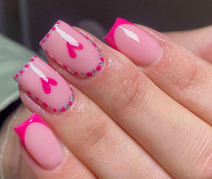 Blush pink gel short nails are framed with hot pink and glitter edges, french tips and delicate heart accents. The design feels trendy, flirty, and eye-catching Valentine without being too busy.
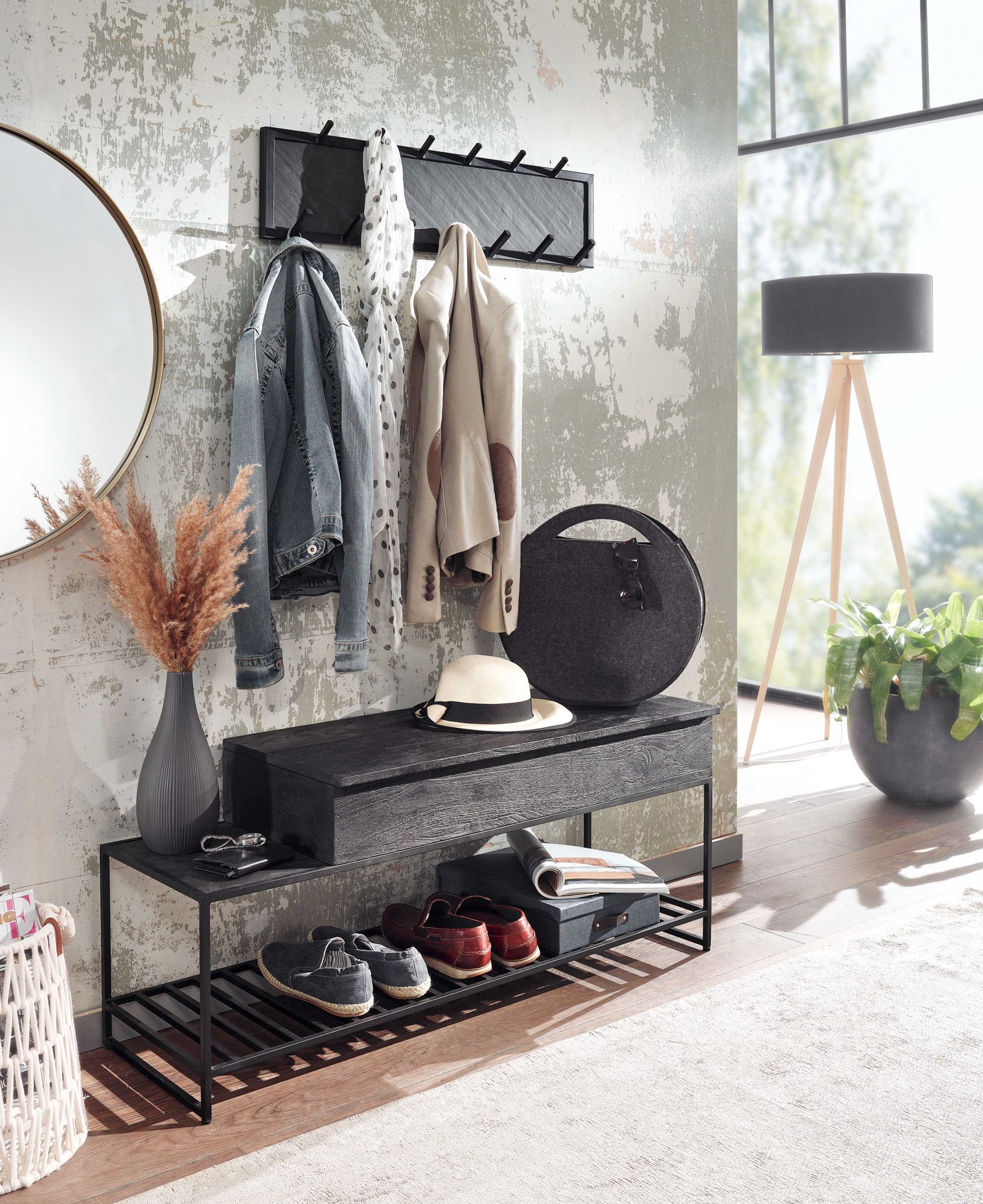 Melhore a sua entrada com este banco combinado com cabide de parede, feito em madeira maciça de manga preta laqueada e ferro pintado a pó resistente, com design industrial moderno. Oferece amplo espaço para sapatos e 13 ganchos resistentes para casacos e acessórios.
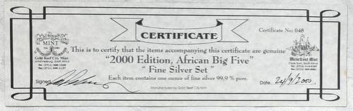 2000 EDITION AFRICAN BIG FIVE "FINE SILVER SET GOLD REEF CITY MINT
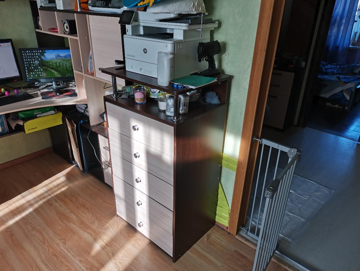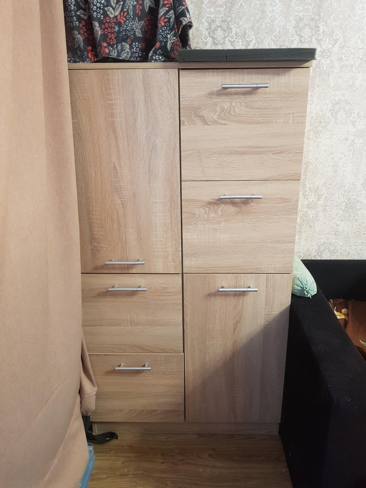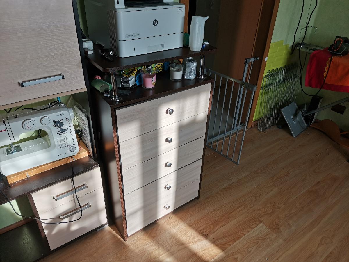 Использовали данный комод, как дополнительную часть к компьютерному столу. А именно, для установки принтера. Очень удобно. Давно искали такой предмет мебели, не слишком низкий, чтоб непременно был и с ящиками и с открытой полочкой. Сборка простая. Ящики удобные. И ручки круглые, искали именно с такими. Курьер привез все вовремя, как и просили, после рабочего дня.
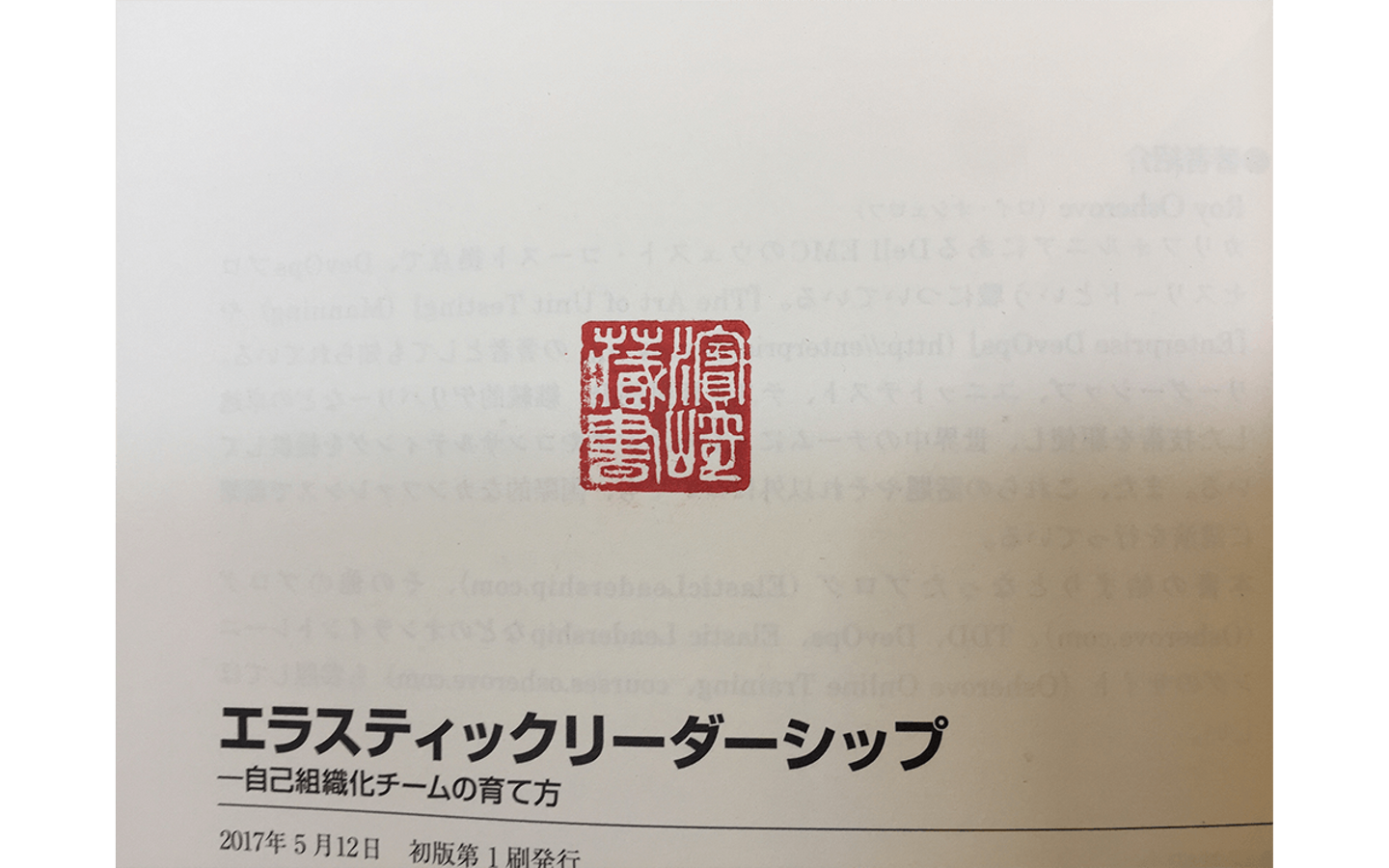 持ってきた本の管理については、各々捺印するなどして誰のものかわかるようにしています。マネージャーの濱崎は、本棚が作られた日の夜、書道家の奥さんに素敵な蔵書印を作ってもらっていました。
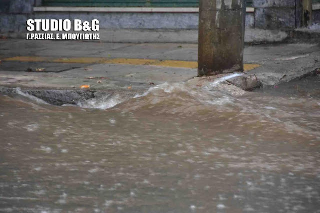 Η έντονη βροχόπτωση που σημειώθηκε κατά τη διάρκεια της νύχτας στην Αργολίδα προκάλεσε προβλήματα στην περιοχή, με πολλούς δρόμους να έχουν πλημμυρίσει.
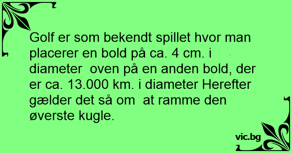 Golf er som bekendt spillet hvor man placerer en bold på ca. 4 cm. i diameter oven på en anden bold, der er ca. 13.000 km. i diameter Herefter gælder det så om at ramme den øverste kugle.
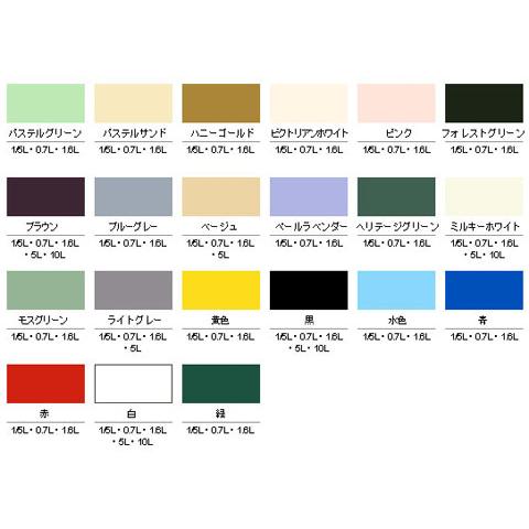 特徴1回塗り ソフトなツヤ フッ素樹脂配合 水性シリコンアクリル樹脂塗料汚れにくく、耐久性にすぐれた高性能塗料です。白系塗料には自動車用にも使われる高性能二酸化チタンを使用しています。無臭タイプ、1回塗りで仕上がります。サビドメ剤、防カビ剤配合で、サビやカビの発生を防ぎます。厚塗りしてもタレにくい塗料です。用途屋内外の木部や家具。鉄柵、看板などの鉄部、鉄製品。コンクリート、ブロック、各種サイディングなどの外壁や塀。浴室、台所、居間などのしっくい、モルタル、コンクリート壁、板壁。発泡スチロール、アクリル、硬質塩ビのプラスチック面。※絶えず水のかかる箇所、床面には適しません。仕様容量:5L色:黒乾燥時間:夏期/冬期 1時間/3時間薄め方:塗りにくい時、水で(5%以内)薄めます。標準塗り面積(1回塗り):タタミ21〜28枚分特許商品 #2628447 無鉛塗料※色見本はPC環境により実際の色と異なる事があります。こちらの商品は取寄せ商品のためお届けに1週間前後かかります。ご注文後のキャンセル、返品、交換ができません。ご了承ください。いろいろなところに塗れる万能型塗料
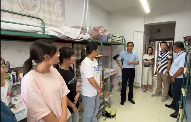 为了解我院学生住宿和生活情况,引导新生尽快适应新生活新环境,9月7日下午教育学院党委书记刘良宏,副院长(主持工作)刘红带领院领导班子和学工队伍一同走访23级新生宿舍,关心慰问刚入学的新生,深入了解新生思想、学习、生活、安全、卫生等情况。
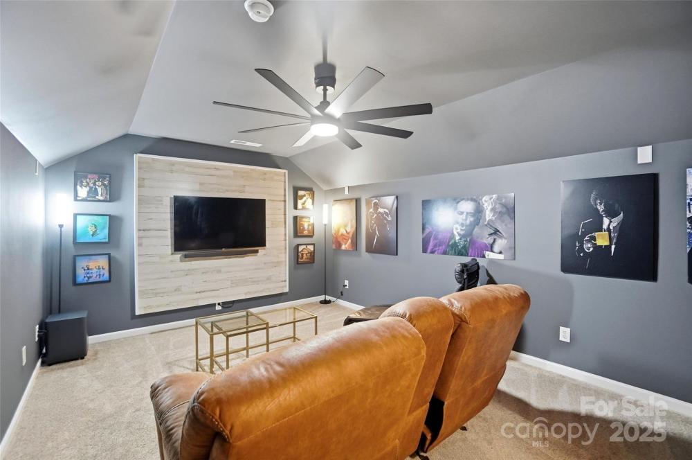 The large upper-level bonus room is currently set up as the ultimate movie room. This versatile space offers a fantastic entertainment zone but can easily be converted back to a bonus room or fourth bedroom to suit your needs.
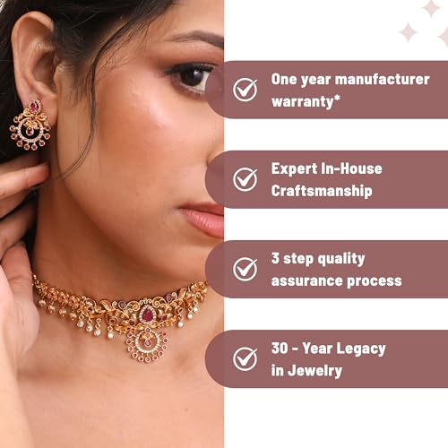 • BRAND & WARRANTY: Tarinika is a leading brand in high-quality traditional Indian jewelry sets. Our raw materials (base metal, plating material and stones) go through a stringent 3 step quality assurance process. Each piece is handcrafted in our own workshop by the best craftsmen in the industry to give our customers the best design and quality possible. All our products come with a 1 year manufacturer's warranty*. *T&C apply - detailed T&C available on our website

- _Problem requirements_
The copy should hold exactly the lines above from the one with "为了解我院学生住宿和生活情况" through the one with "The large upper-level", both ends counted, and no pictures at all.

- _Answer to this task_
 为了解我院学生住宿和生活情况,引导新生尽快适应新生活新环境,9月7日下午教育学院党委书记刘良宏,副院长(主持工作)刘红带领院领导班子和学工队伍一同走访23级新生宿舍,关心慰问刚入学的新生,深入了解新生思想、学习、生活、安全、卫生等情况。
 The large upper-level bonus room is currently set up as the ultimate movie room. This versatile space offers a fantastic entertainment zone but can easily be converted back to a bonus room or fourth bedroom to suit your needs.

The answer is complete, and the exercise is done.